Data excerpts

——

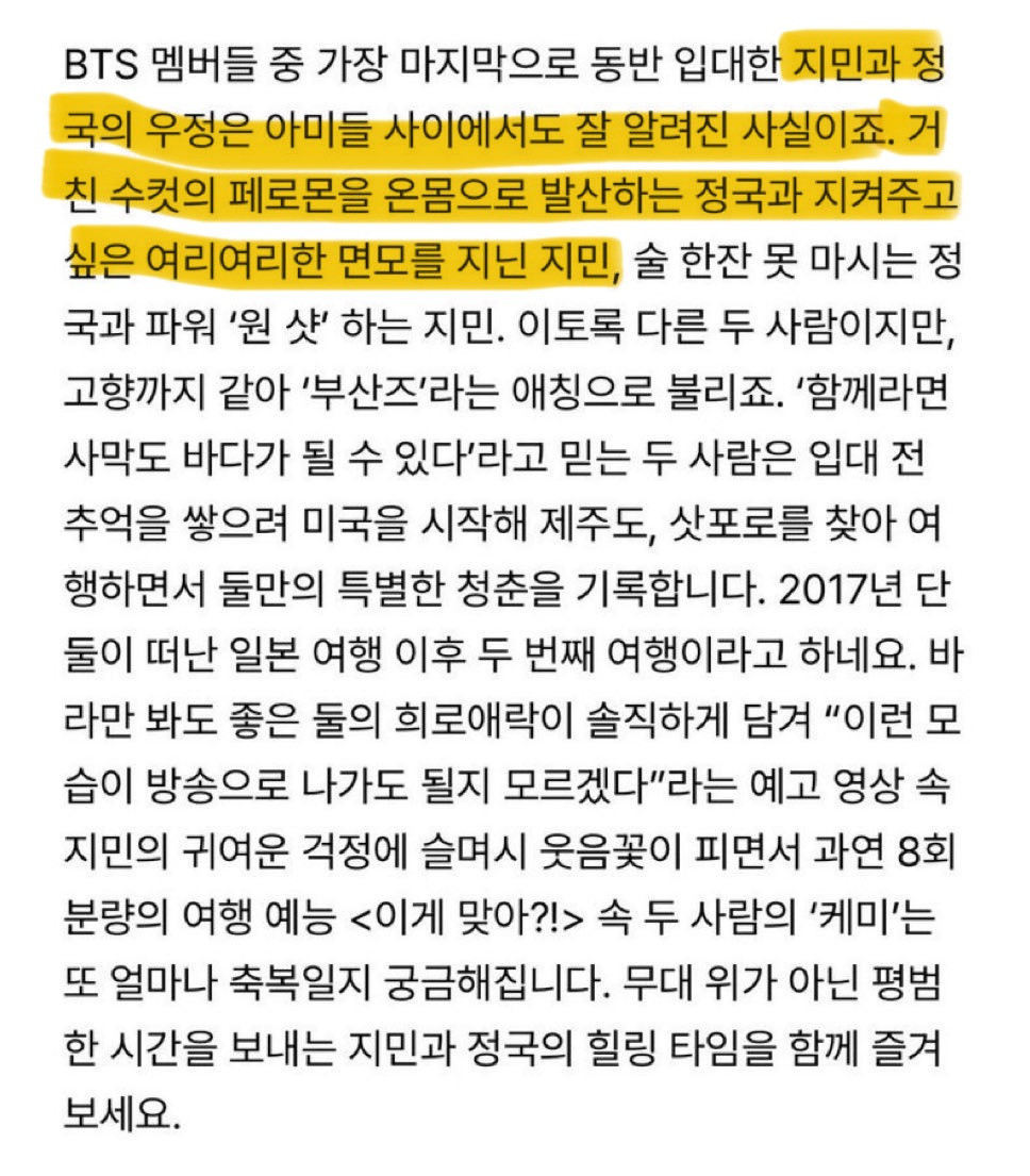 얘네 호모에 미쳤나봐 ㅋㅋㅋㅋ 둘이 같이 간 자컨 소개를 이렇게 해둠 ㅋㅋㅋㅋㅋㅋㅋ 수컷의 페로몬과 지켜주고 싶은 여리여리한 와우....... 지민 얼굴을 보고도 저런 생각이 들 수가 있어?
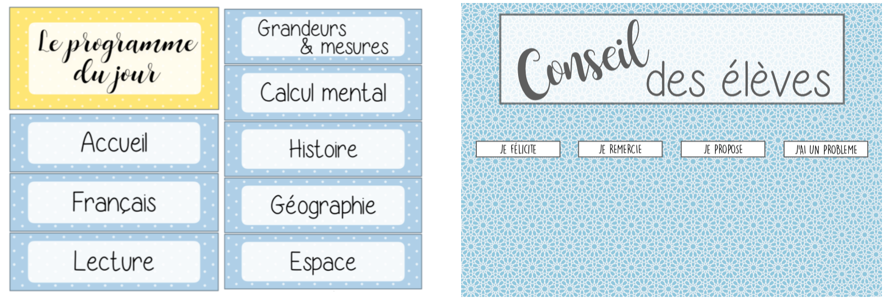 Plusieurs affichages proposé par maîtresse Mégane! Les responsabilités Le programme du jour Le conseil de classe Le coin de la maîtresse Les étoiles de la classe
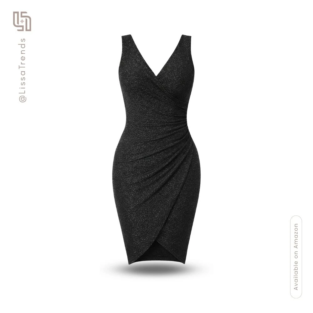 This sequin black ruched wrap dress brings refined glamour to your special occasion wardrobe. Designed for the woman who values both style and sustainability, it features a flattering silhouette that hides while it highlights — perfect for celebrations, parties, or any moment that calls for elevated confidence.
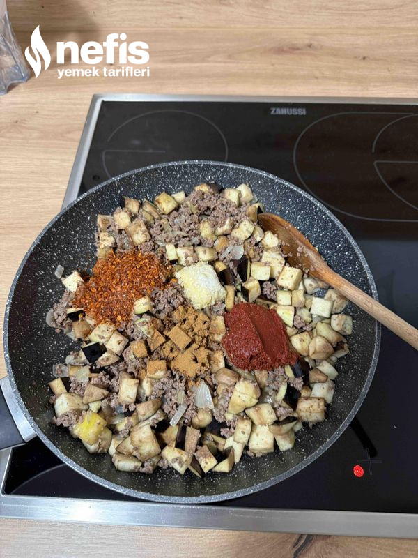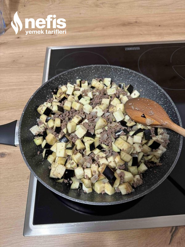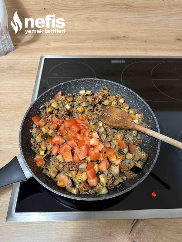 - Soğanlar pembeleşince küçük küplere kestiğimiz patlıcanları ve domatesi ekleyelim ve kavuralım.
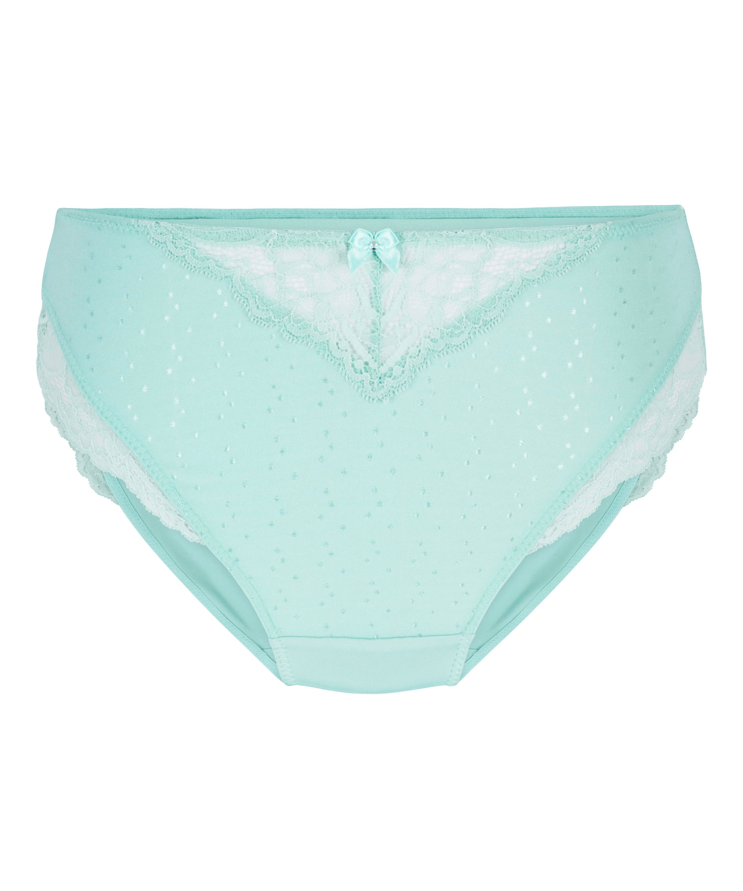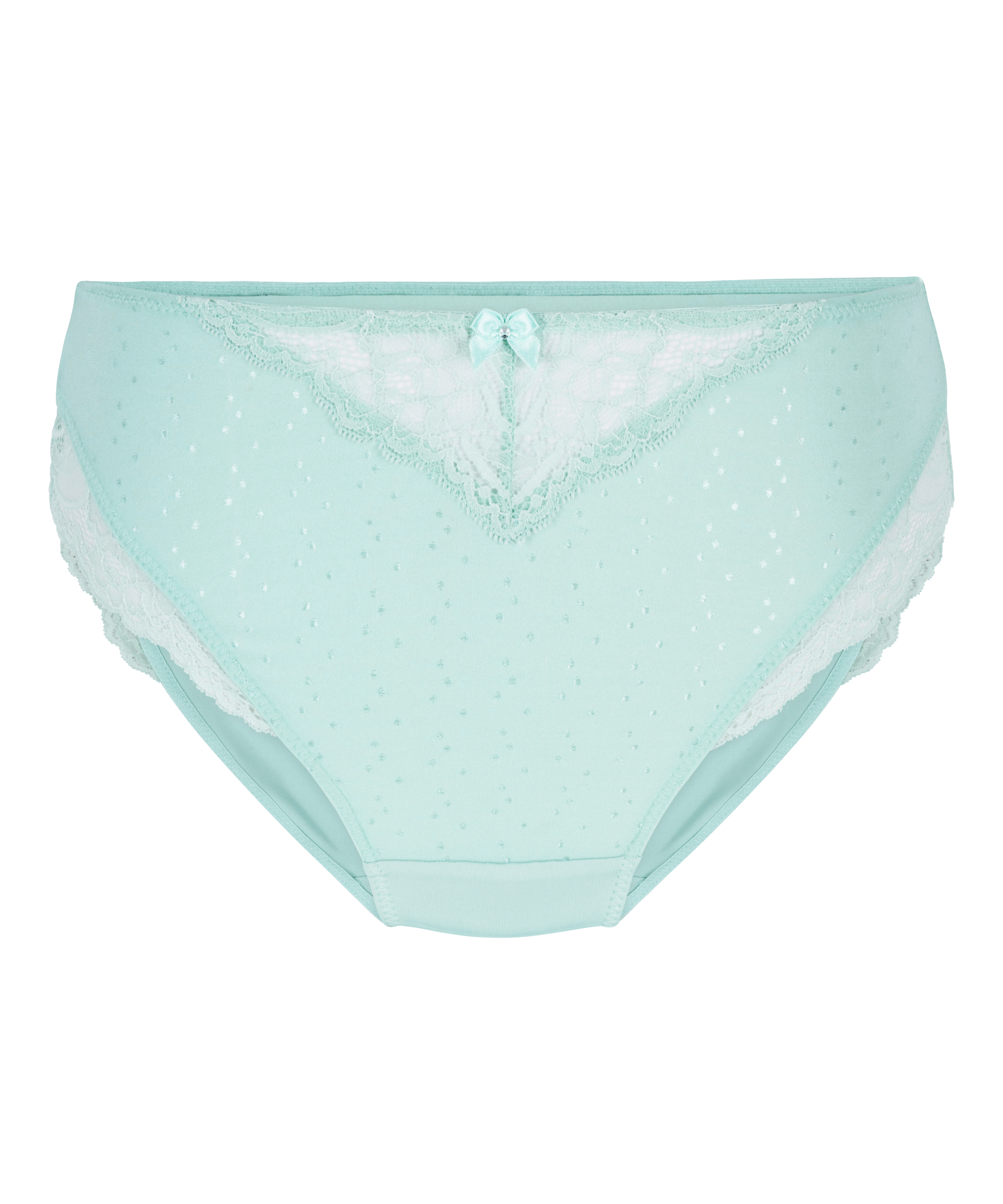 Denne høye trusen er sexy og også veldig behagelig. Forsiden er laget av mikrotøy og delvis av blonder.

——

### What to produce
Nothing but the lines from the line holding "Plusieurs affichages proposé" through the last line of the entries above is to be reproduced, exactly and without pictures.

### Exercise answer
 Plusieurs affichages proposé par maîtresse Mégane! Les responsabilités Le programme du jour Le conseil de classe Le coin de la maîtresse Les étoiles de la classe
 This sequin black ruched wrap dress brings refined glamour to your special occasion wardrobe. Designed for the woman who values both style and sustainability, it features a flattering silhouette that hides while it highlights — perfect for celebrations, parties, or any moment that calls for elevated confidence.
 - Soğanlar pembeleşince küçük küplere kestiğimiz patlıcanları ve domatesi ekleyelim ve kavuralım.
 Denne høye trusen er sexy og også veldig behagelig. Forsiden er laget av mikrotøy og delvis av blonder.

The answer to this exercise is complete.